We finally managed to get Intel X25-E SSD drive into our lab. I attached it to our Dell PowerEdge R900. The story making it running is worth separate mentioning – along with Intel X25-E I got HighPoint 2300 controller and CentOS 5.2 just could not start with two RAID controllers (Perc/6i and HighPoint 2300). The problem was solved by installing Ubuntu 8.10 which is currently running all this system. Originally I wanted to publish some nice benchmarks where InnoDB on SSD outperforms RAID 10, but recently I faced issue which can make previous results inconsistent.

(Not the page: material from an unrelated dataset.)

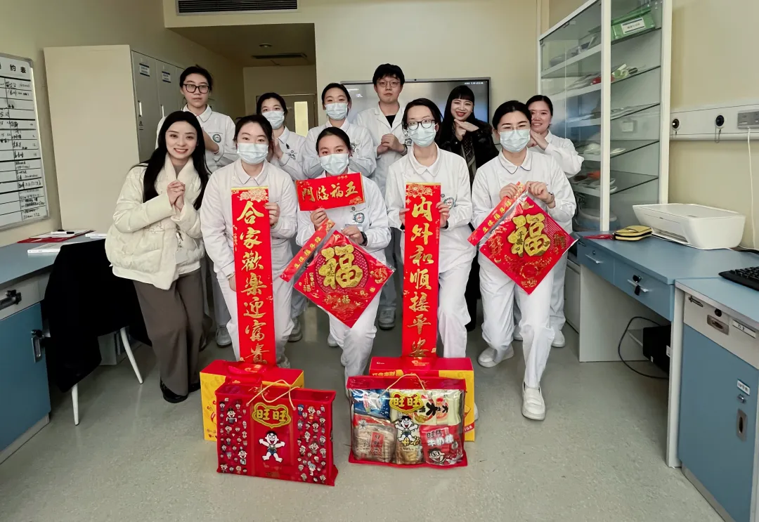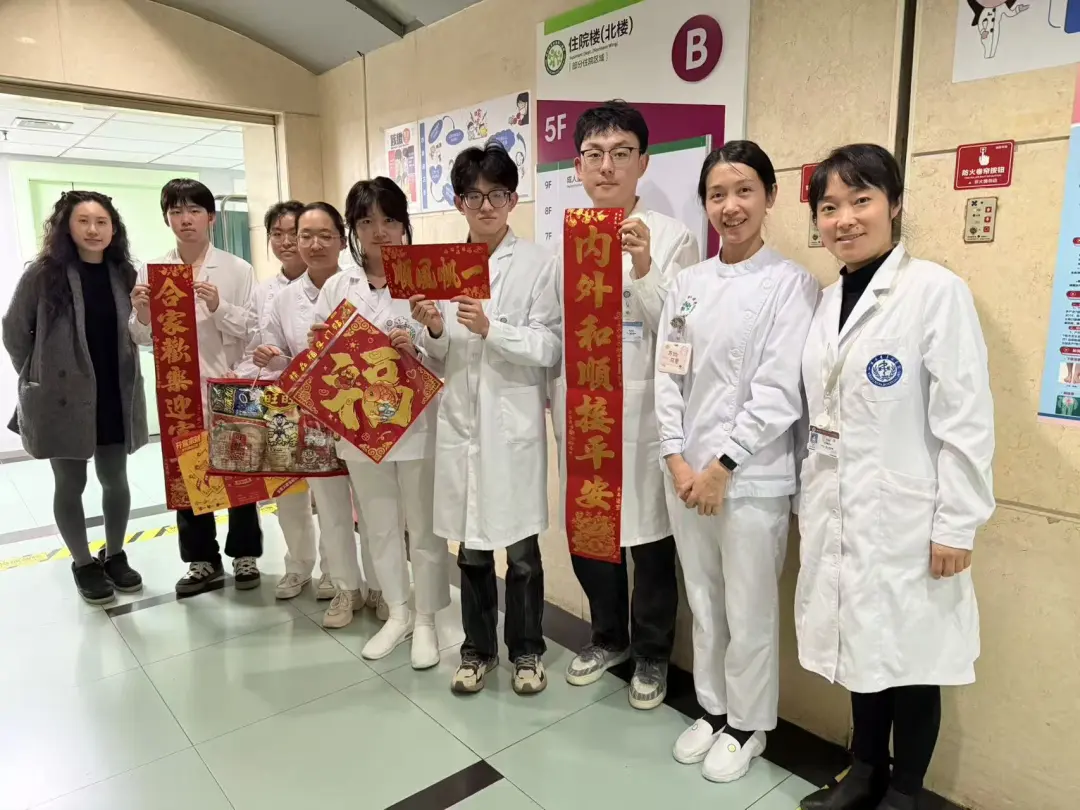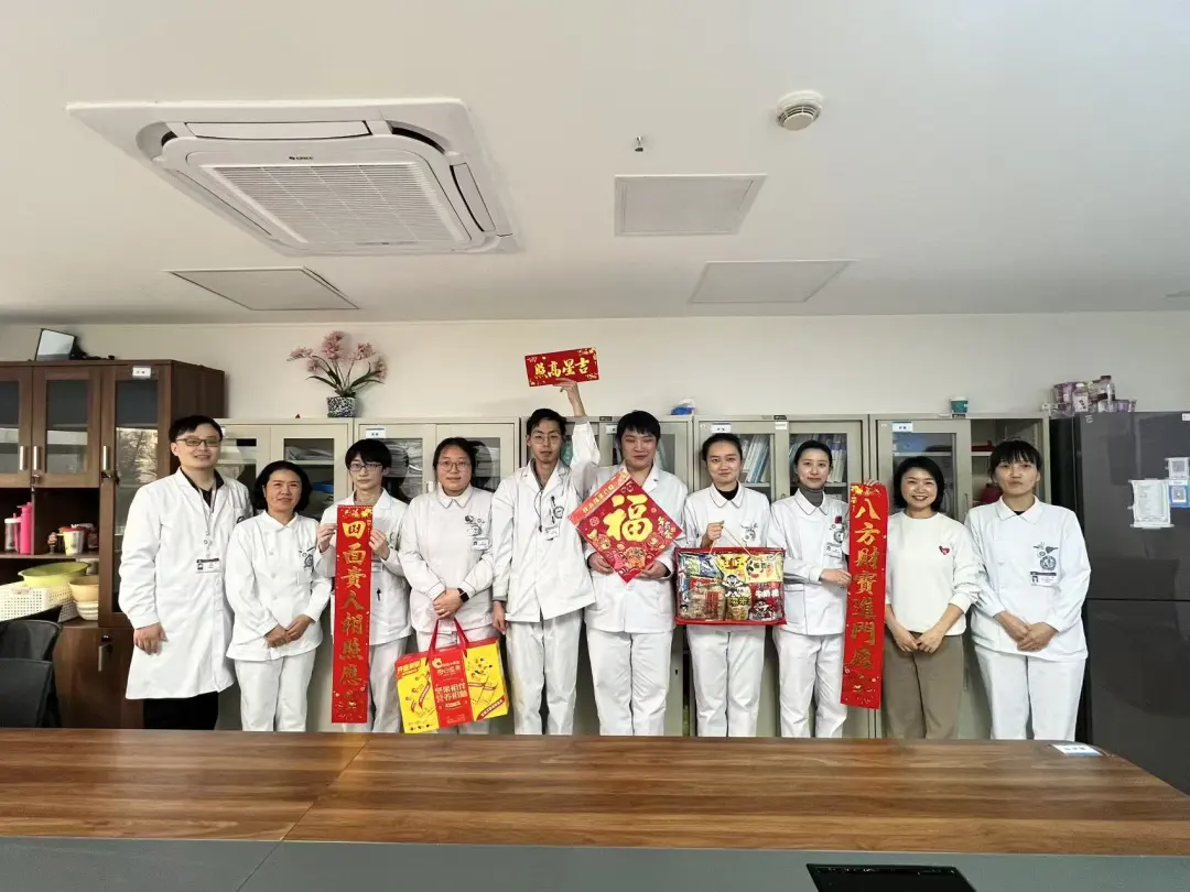 走访过程中,学院老师深入科室、病房,与实习生亲切交谈,了解实习轮转安排、工作学习及日常生活情况。老师们充分肯定了同学们在临床实践中展现出的认真态度和专业精神,赞扬了同学们在临床岗位上展现出的责任担当,并为同学们送上了承载着新春祝福的暖心礼包。

In short words using Intel SSD X25-E card with enabled write-cache (which is default and most performance mode) does not warranty storing all InnoDB transactions on permanent storage.
I am having some déjà vu here, as Peter was rolling this 5 years ago regarding regular IDE disks, and I did not expect this question poping up again.

Long story is:
I started with puting XFS on SSD and running very primitive test with INSERT INTO fs VALUES(0) into auto-increment field into InnoDB table. InnoDB parameters are

Actually most interesting one are innodb_flush_log_at_trx_commit=1 and innodb_flush_method = O_DIRECT (I tried also default innodb_flush_method, with the same result), using innodb_flush_log_at_trx_commit=1 I expect to have all committed transactions even in case of system failure.

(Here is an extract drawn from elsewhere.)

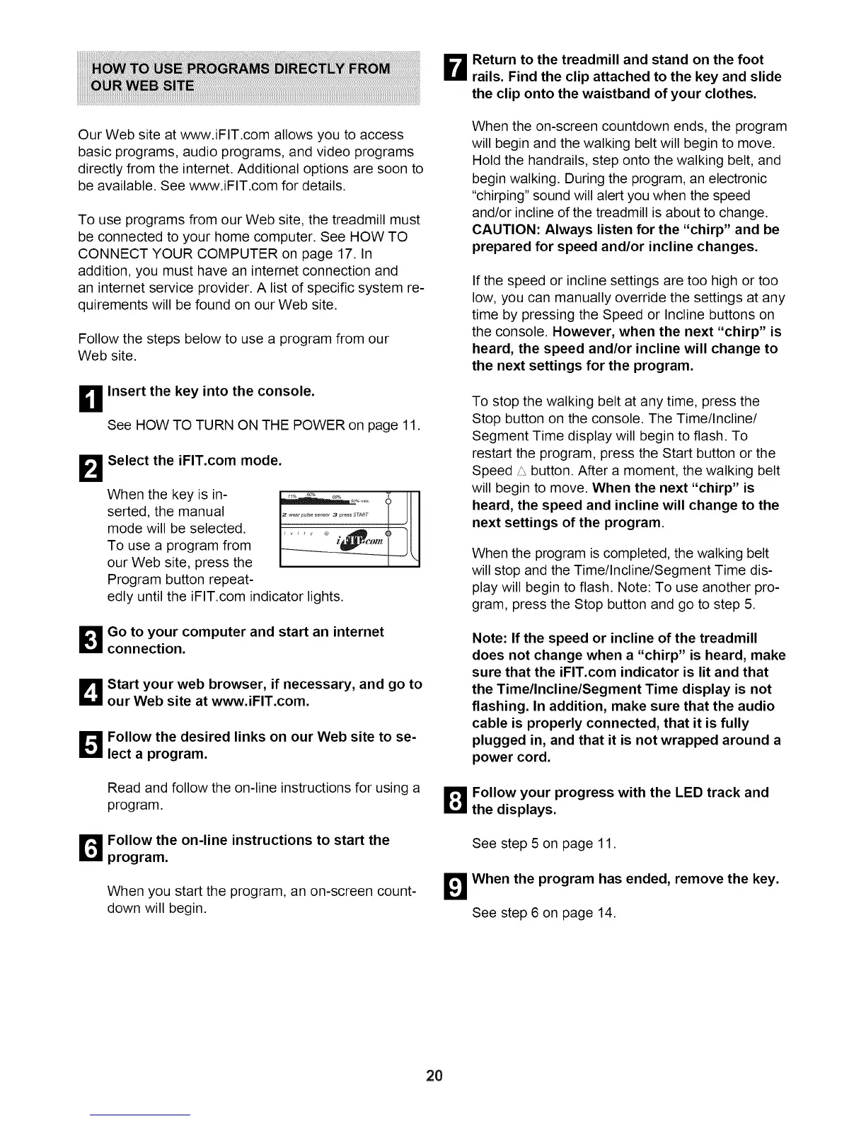To use programs from our Web site, the treadmill must

Running this test with default XFS setting I saw SSD was doing 50 writes / s, this is something so forced me to check results several times – come on, it’s SSD, we should have much more IO there. Investigations put me into barries/nobarriers parameters and with mounting -o nobarrier I got 5300 writes / s. Nice difference, and this is something we want from SSD.

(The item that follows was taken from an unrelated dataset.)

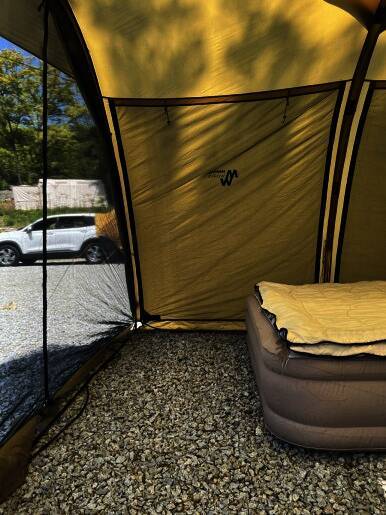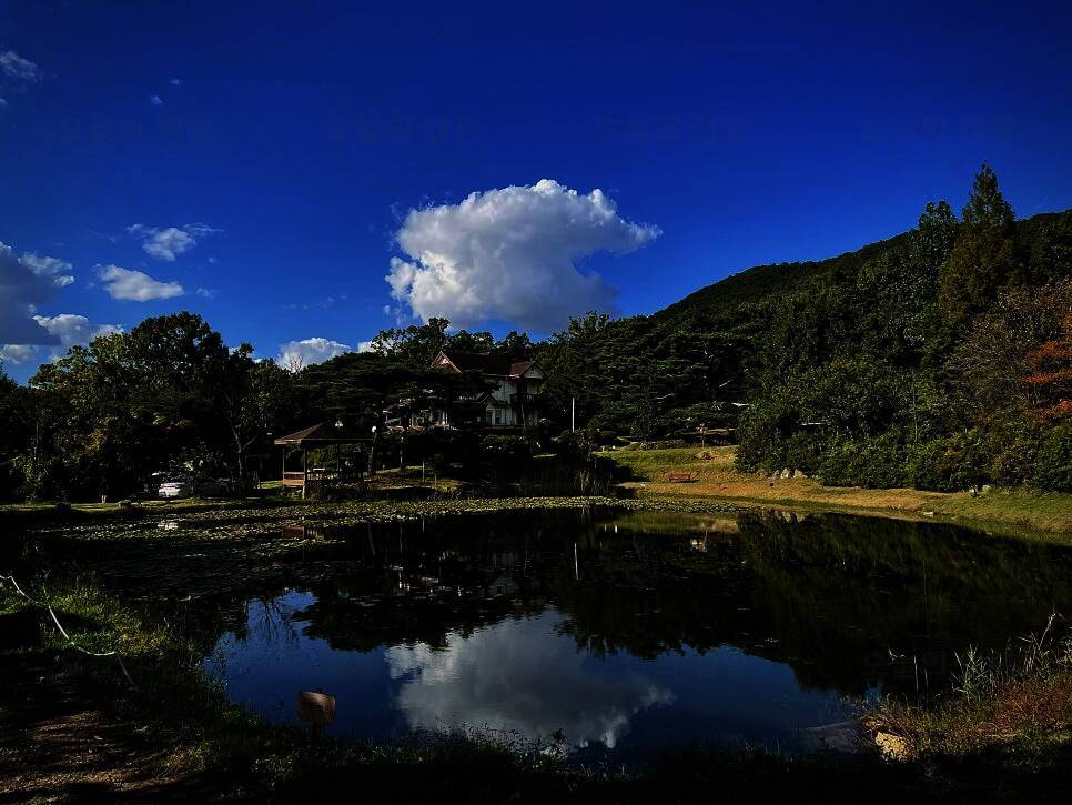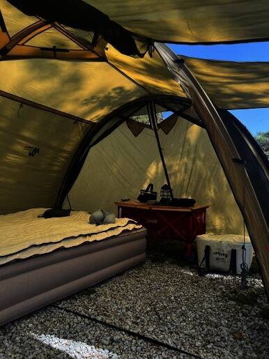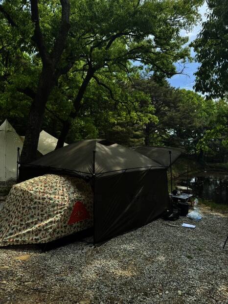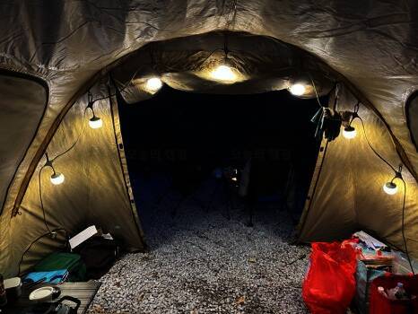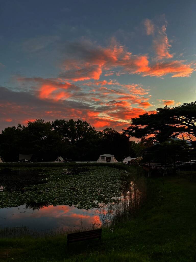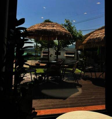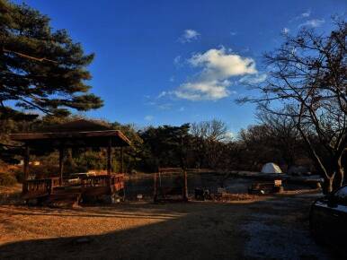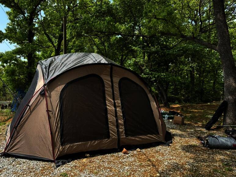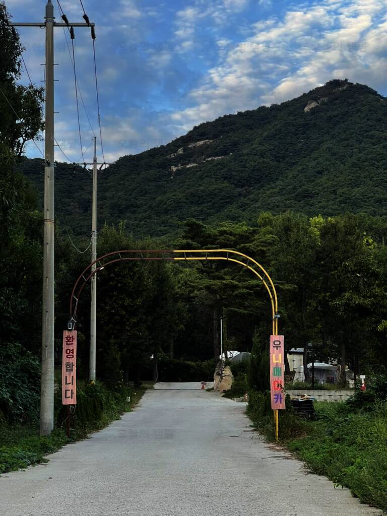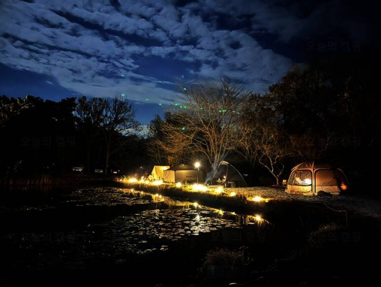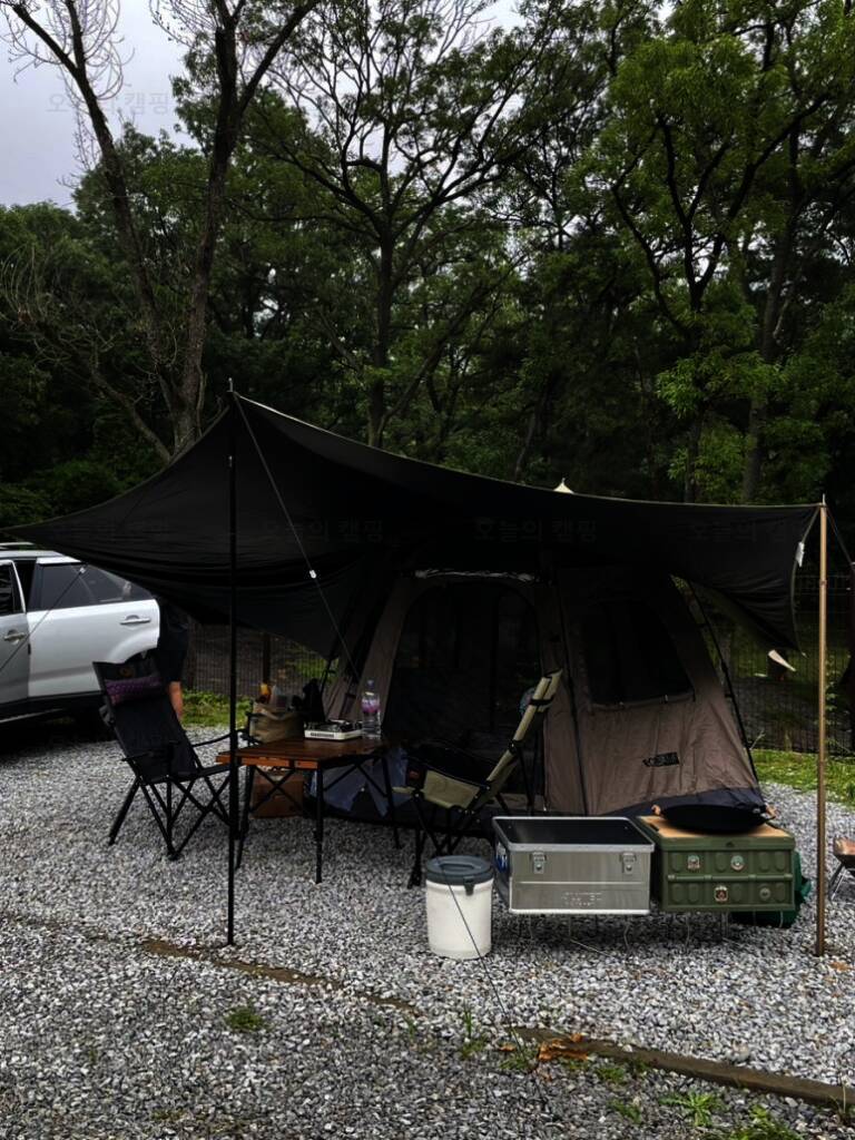 아름다운 산, 바다, 호수 뷰를 가진 캠핑장

Now to test durability I do plug off power from SSD card and check how many transactions are really stored – and there is second bumper – I do not see several last N commited transactions.

So now time to turn off write-cache on SSD – all transactions are in place now, but write speed is only 1200 writes / s, which is comparable with RAID 10

So in conclusion to warranty Durability with SSD we have to disable write-cache which can affect performance results significantly (I have no results on hands, but it is to be tested).

What about LVM there ? Well, we often recommend to use LVM for backup purposes (even recent results are bad, we have no good replacement yet) and I tried LVM under XFS. With write-cache ON and default mount options (i.e. with barrier) I have 5250 writes / s, this is because LVM ignores write barriers (see ), but again with enable write-cache you may lose transactions.

So in final conclusion:
1. Intel SSD X25E is NOT reliable in default mode
2. To have durability we need to disable write cache ( with following performance penalty, how much we need to test yet)
3. Possible solution could be put SSD into RAID controller with battery-backup-ed write cache, but I am not sure what is good ones – another are for research
4. XFS without LVM is putting barrier option which decreases write performance a lot

Share this post

Comments (33)

  • peter

    It would be very interesting to check with Intel what their stand is on this.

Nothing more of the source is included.